Delay propagation causes increasing operational disturbance and worsens the performance of air transport systems ( 1 ). As a single aircraft is normally assigned to a sequence of stages/flights among many cities, the arrival delay of a former segment tends to affect the departure of the aircraft for the next segment, causing further arrival delays. Sometimes the turnaround time scheduled at an airport is long enough to absorb the arrival delay; however, this could still result in passenger delays, as connecting passengers may miss their connections because of the arrival delay. Moreover, given that flights of the same airline serving the airport share ground crew teams, the arrival delay of one flight may affect other flights of this airline. Further, flights share ground facilities such as runways and gates, so the arrival delay of one flight will also affect many flights of other airlines serving the airport. As a consequence, delays may accumulate from early morning to late night, exacerbating the operational problems for the airport over the day ( 2 ).
The research community has paid extensive attention to delay propagation. The research on delay propagation can be traced back to the 1990s, when Boswell and Evans developed an analytical model to estimate the delays for successive flights and found that the downstream delay was approximately 1.8 times the initial delay ( 3 ). Beatty et al. defined the delay multiplier (DM) and analyzed the relationship between the potential downline delay and initial delay ( 4 ). Inspired by these reports, several recent studies have investigated the cascading effect of flight delays. Liu et al. established a flight delay propagation model based on Bayesian networks (BN), which showed evident propagation from arrival delays to departure delays ( 5 ). AhmadBeygi et al. introduced the quantitative tool for assessing the ramifications of an individual flight delay throughout the network ( 6 ). In addition, Laskey et al. applied BN in a stochastic model and identified the departure delay as the major factor driving the final arrival delay at the destination airport ( 7 ). Kondo created a new DM to assess the repercussion of the initial delay on all subsequent flights and adopted it to demonstrate how the reduction of the initial delay helped lead to a higher reduction in the propagated delays ( 8 ). Furthermore, Belkoura et al. ameliorated the DM by integrating linear and nonlinear indicators to differentiate various situations, revealing the relationship between the inbound and outbound delays ( 9 ).

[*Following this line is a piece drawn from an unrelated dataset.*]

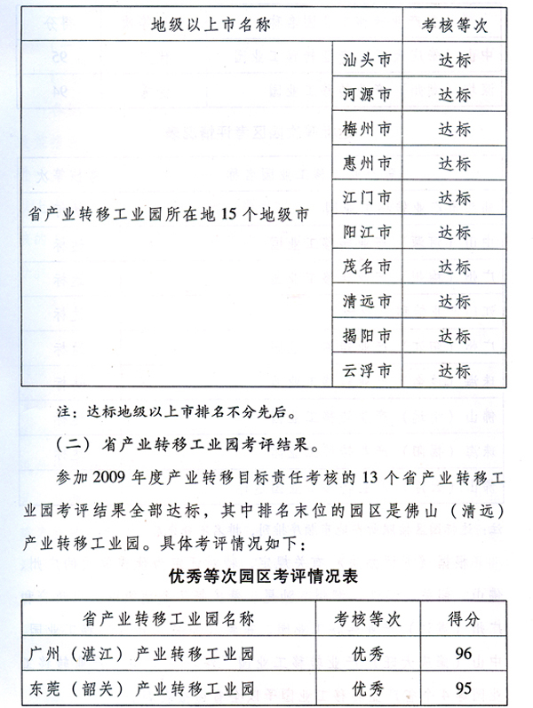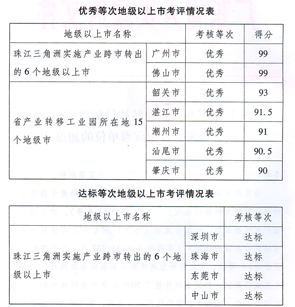 各地級以上市人民政府,省政府各部門、各直屬機構: 為貫徹落實《中共廣東省委廣東省人民政府關于推進產業轉移和勞動力轉移的決定》(粵發〔2008〕4號),加快推進我省產業轉移工作,按照省政府《印發廣東省產業轉移目標責任考核評價辦法的通知》(粵府函〔2010〕132號,以下簡稱《考評辦法》)要求,省經濟和信息化委牽頭會同省雙轉移工作領導小組成員單位,共同組織開展了2009年度產業轉移目標責任考核評價工作。現將考核評價結果進行通報,并對獲得優秀等次的地級以上市政府和省產業轉移工業園予以表彰。 一、產業轉移目標責任考核評價結果 (一)各地級以上市政府考評結果。 全省21個地級以上市2009年度產業轉移目標責任考核結果全部達標,具體考評情況如下:

Despite these previous efforts, gaps still remain in the understanding of the propagation effect in flight delays. The studies mentioned above can effectively model how an initial delay affects the subsequent entire-system delays. However, there are fewer studies by far proposing an index to clearly quantify the propagation effect among different airports. A proper index is hard to compute because detailed dynamics behind the diffusion of propagation are still difficult to characterize, in particular because of the overlap of connected sources, that is, aircraft, crew, passengers, buffers built into flight schedules, and so forth (10–12). In this study, the delay propagation index (PI) for a pair of airports is proposed from a new perspective. Transfer entropy is used to perform causality tests on the delay time series of two airports and then to explore the dynamics of delay propagation, revealing the combined effects of all the visible and latent factors that lead to delay propagation. The properties of delay propagation are further examined at the system level and an estimation model similar to the one described in ( 13 ) developed to demonstrate the effectiveness of the PI in the air transport system.
The remainder of the paper is organized as follows. The next section describes the methodology, including the concept of transfer entropy-based causality tests and the definition of the proposed PI. The third section presents an empirical analysis and estimation model based on the data set of the air transport system of China. The final section concludes this study and provides some further discussions.
Methodology
In this section, a PI to quantify the delays propagated within the air transport system is introduced. The overall approach is based on the fundamental observation that the delays in some airports have structural dependencies caused by the delays propagated from other airports. To capture this kind of dependency, the time series X is constructed to capture the arrival delays of flights from Airport A to Airport B, and the time series Y to characterize the departure delays of all flights departing from B. The selected time-series analyzing tool should be able to (a) measure the amount of directed transfer information from time series X to time series Y and (b) generalize the property of the air transportation system, that is, non-linearity ( 9 ). With these two features taken into consideration, the study chooses a causality test approach, transfer entropy, to perform the individual test between each pair of airports.
Delay Time Series
To capture the structural dependencies of different airports, two types of delay time series are developed in this step. Here, the focus is on daily time series because daily interactions are the finest temporal resolution in the flight data set. The 24-h period is divided into 96 15-min time intervals ( 14 ). For Airports A and B, the departure delay time series X is constructed (15–17). The component value d_dep (t) of X represents the total departure delay of flights taking off from Airport A during (t, t+ 1), t∈{0, 1, 2 …… 95}. The arrival delay time series Y is also constructed, and the component value d_arr (t) of each interval represents the total arrival delays of flights from Airport A to B during (t, t+ 1), t∈{0, 1, 2 …… 95}.
Transfer Entropy
Definition and Application of Transfer Entropy
Transfer entropy can measure the amount of directed (time-asymmetric) transfer of information between two random processes ( 18 ). In detail, a signal Y is said to partly cause a signal X when the future of signal X is better predicted by adding knowledge from the past of signal Y than by using the past of signal X alone.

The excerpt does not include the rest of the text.